Début décembre, le président français Emmanuel Macron, en visite à Alger, s’est
engagé à restituer ces crânes à l’Algérie.
C’est au cours d’un travail de recherche documentaire lié à mon domaine que j’ai
découvert l’existence d’un personnage qui allait me mener vers le Muséum
d’Histoire Naturelle de Paris. Il s’agit de Victor Reboud, un médecin-major dans
les bataillons de Tirailleurs algériens, qui s’est beaucoup investi dans
l’antiquité. Outre sa profession de botaniste, il se forma à l’étude des stèles
libyques, en faisant de l’ombre à d’autres savants de l’époque dont l’abbé Jean-
Baptiste Chabot.
À l’époque, l’Algérie était une école de guerre pour les soldats français. C’est vers
cette époque que V. Reboud deviendra collectionneur d’ossements algériens. Il était
en contact avec un autre amateur de têtes décapitées, le docteur Edmond Vital, qui
était le directeur de l’hôpital de Constantine. C’est Victor-Constant Reboud qui fit
parvenir au muséum de Paris les restes mortuaires des principaux chefs de la
résistance. Il le dit dans une lettre publiée dans la Revue Africaine. Le Dr Reboud
qui s’affairait à clouer la caisse contenant les têtes de résistants algériens, avant leur
l’envoi au Muséum de Paris, demanda au frère du Dr Vital qui venait de décéder : «
S’il pouvait enrichir l’envoi de quelques crânes intéressants ». René Vital répondit :
« Prenez donc tout ce que mon frère a laissé, vous y trouverez des têtes de gueux
célèbres, et vous ferez le bonheur de mes servantes, qui n’osent monter au galetas,
parce que l’une de ces têtes a conservé ses chairs fraîches, et que malgré la poudre
de charbon dans laquelle elle est depuis de nombreuses années, elle répand une
odeur sui generis… ».
C’est ainsi que les travaux sur l’antiquité m’ont mené jusqu’au Muséum de Paris.

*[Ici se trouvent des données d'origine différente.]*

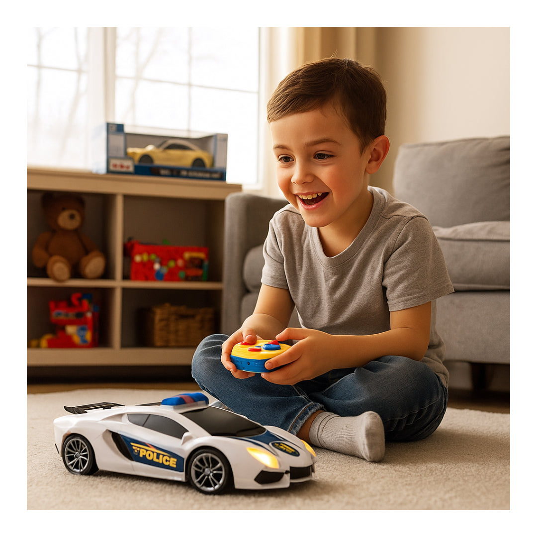 Bring action and excitement to your child’s playtime with the City Police High-Speed RC Car. Designed to resemble a futuristic police supercar, this remote control vehicle combines speed, flashing lights, and cool police graphics to deliver an adrenaline-packed driving experience for kids. Equipped with a rechargeable battery and radio frequency control, this toy is perfect for indoor and outdoor play. Eye-catching police decals and a sleek supercar body Flashing rooftop siren light and realistic detailing Remote Control Operation Easy-to-use controller with forward, backward, left, and right functions Radio frequency (R/C) for smooth and responsive control Rechargeable Battery Pack Comes with a USB rechargeable battery for the car Long-lasting fun with eco-friendly power solution LED Light Effects Headlights and rooftop police lights enhance nighttime play and realism Product Specifications: Dimensions: 33.5 cm (L) × 10 cm (W) × 15 cm (H) Material: High-quality plastic body with rubber tires Age Recommendation: 3+ years Control Type: Radio Frequency Remote Control Battery Type: Car: Rechargeable battery (included) Remote: 2 AA batteries (not included) What's in the Box: 1 × City Police RC Car 1 × Remote Controller 1 × Rechargeable Battery Pack 1 × USB Charging Cable 1 × User Manual (optional) Benefits for Kids: Encourages creative role play (pretend police chase, missions) Develops hand-eye coordination and motor skills Promotes outdoor physical activity and interactive play Ideal For: Birthday or holiday gifts RC car enthusiasts Boys and girls who love action-packed vehicles Indoor and outdoor racing fun.

Tous les chemins mènent à Rome. C’est à partir de ce moment-là que j’ai décidé de
faire des recherches sur ces restes, une vingtaine d’entre eux sont envoyés par
Reboud au Muséum de Paris. Sur cette vingtaine de crânes, appartenant à la
collection Vital, seul six parmi eux ont été retrouvés au Muséum de Paris, ce sont
les ossements des principaux chefs de la résistance.
C’est ainsi que les ossements des résistants algériens à la colonisation, furent
envoyés en France, où ils sont considérés jusqu’à nos jours comme faisant partie
du patrimoine culturel inaliénable français.
On retrouve parmi ces crânes algériens, qui s’élèvent au nombre de 68, ceux des
principaux chefs de la résistance, Boubaghla, Al-Titraoui, Al-Hamadi, cheikh
Bouziane des Zaatcha, Moussa Al-Darkaoui, Boukedida de Tébessa, d’autres
encore. Parfois de simples anonymes. Un fœtus dans un bocal. La tête d’une jolie
petite fille de 7 à 8 ans, selon une lettre de l’époque, fut expédiée au Muséum de
Paris dans du formol. Parmi les têtes figure celle d’un jeune guerrier de la tribu des
Hadjout, des environs d’Alger, tué le 7 mars 1839. Il était âgé de 17 ans.
Dès le début, au mois de mars 2011, les responsables du Muséum m’ont informé
des conduites à suivre pour le rapatriement des ossements. Cela me fut confirmé
quelques mois plus tard par la sénatrice Catherine Morin-Desailly qui s’était
occupé de la restitution des têtes Maoris à la Nouvelle-Zélande.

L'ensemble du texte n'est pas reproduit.